- **What is required**:
In the material below, find the line with "- 方式一:【当前工程上】直" and the line with "南アフリカは、アフリカ大陸最". Output exactly those two lines and all lines between them, leaving out pictures.

- **Input data**:
══════
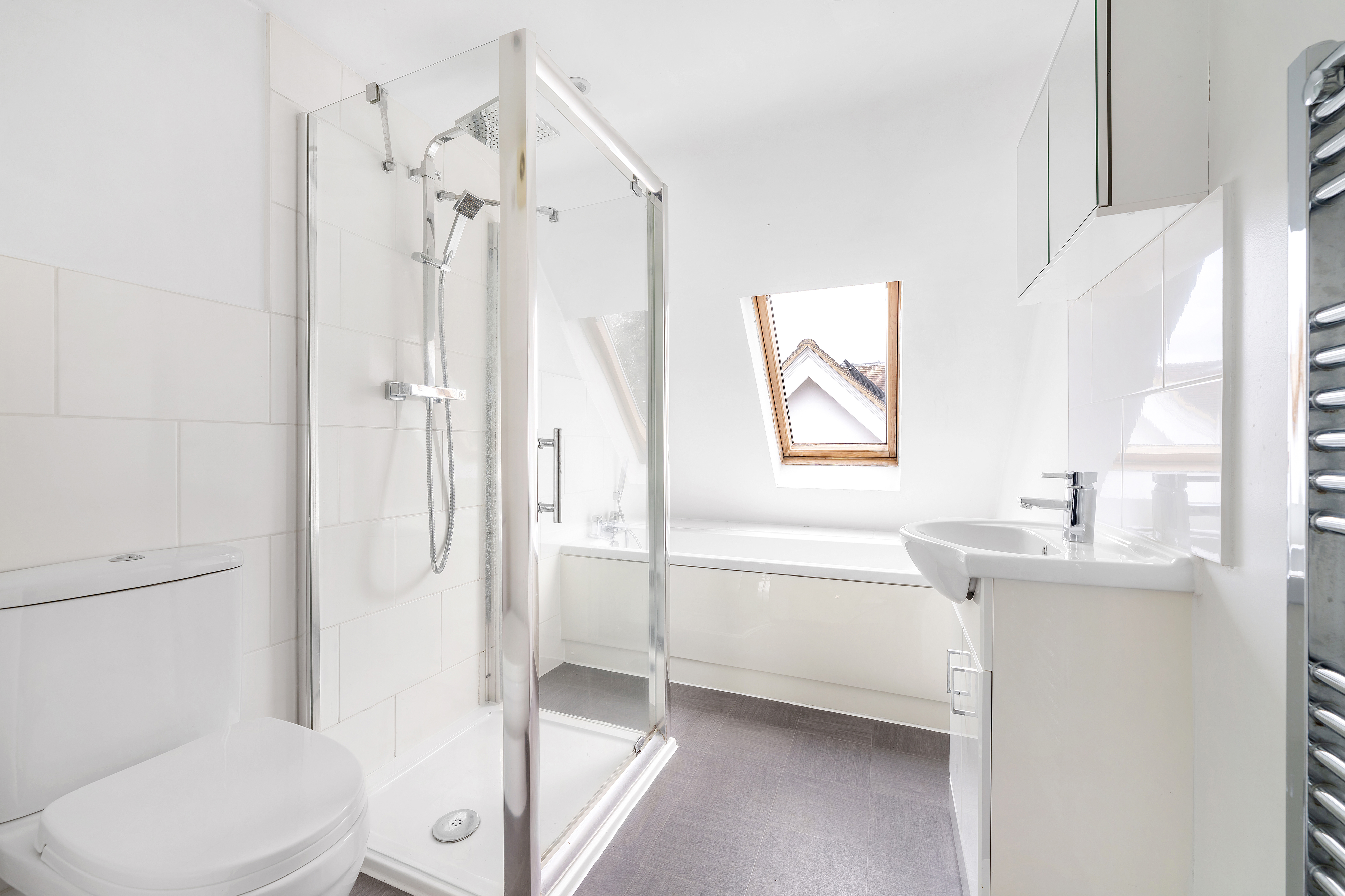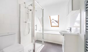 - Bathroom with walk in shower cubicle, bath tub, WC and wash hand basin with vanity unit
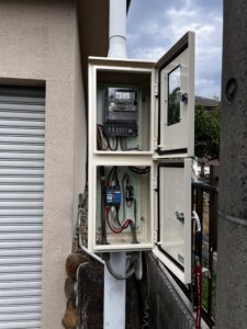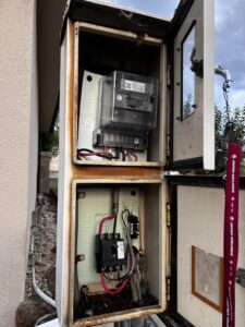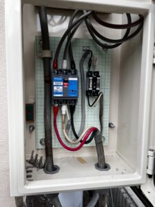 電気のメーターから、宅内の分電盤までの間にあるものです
══════
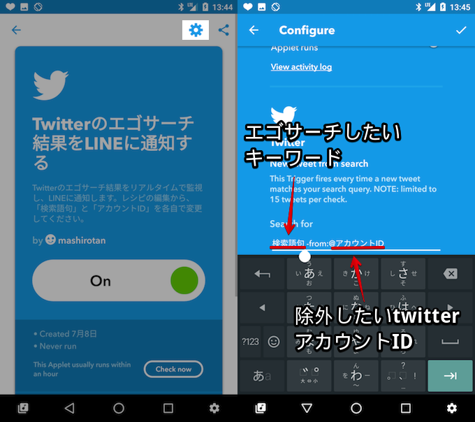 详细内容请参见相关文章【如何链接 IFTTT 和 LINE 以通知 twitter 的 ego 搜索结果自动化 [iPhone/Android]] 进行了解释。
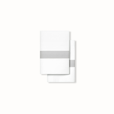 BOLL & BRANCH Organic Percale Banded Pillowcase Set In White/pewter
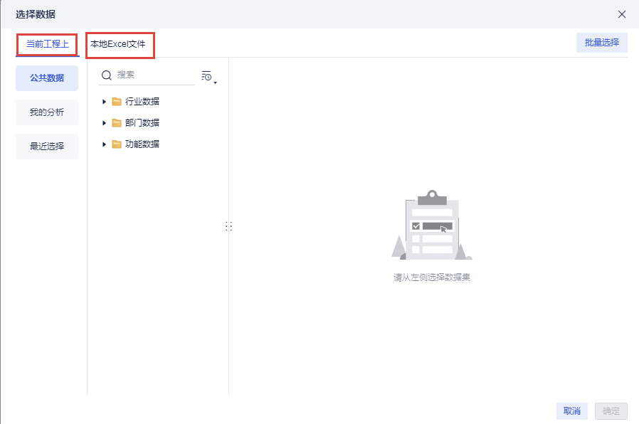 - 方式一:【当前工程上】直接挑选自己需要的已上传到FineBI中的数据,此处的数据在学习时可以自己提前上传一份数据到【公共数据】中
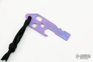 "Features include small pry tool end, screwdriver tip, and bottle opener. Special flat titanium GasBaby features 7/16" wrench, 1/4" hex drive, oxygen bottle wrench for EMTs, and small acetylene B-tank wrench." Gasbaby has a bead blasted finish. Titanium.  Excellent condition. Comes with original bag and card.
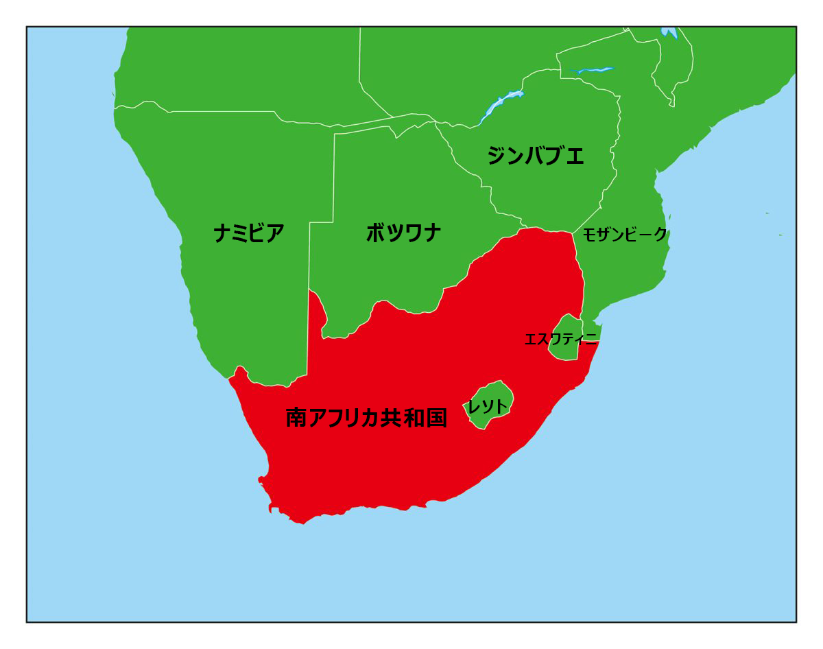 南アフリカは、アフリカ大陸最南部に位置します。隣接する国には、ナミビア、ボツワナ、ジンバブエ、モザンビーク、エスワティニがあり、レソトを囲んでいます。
══════
- **Task answer**:
 - 方式一:【当前工程上】直接挑选自己需要的已上传到FineBI中的数据,此处的数据在学习时可以自己提前上传一份数据到【公共数据】中
 "Features include small pry tool end, screwdriver tip, and bottle opener. Special flat titanium GasBaby features 7/16" wrench, 1/4" hex drive, oxygen bottle wrench for EMTs, and small acetylene B-tank wrench." Gasbaby has a bead blasted finish. Titanium.  Excellent condition. Comes with original bag and card.
 南アフリカは、アフリカ大陸最南部に位置します。隣接する国には、ナミビア、ボツワナ、ジンバブエ、モザンビーク、エスワティニがあり、レソトを囲んでいます。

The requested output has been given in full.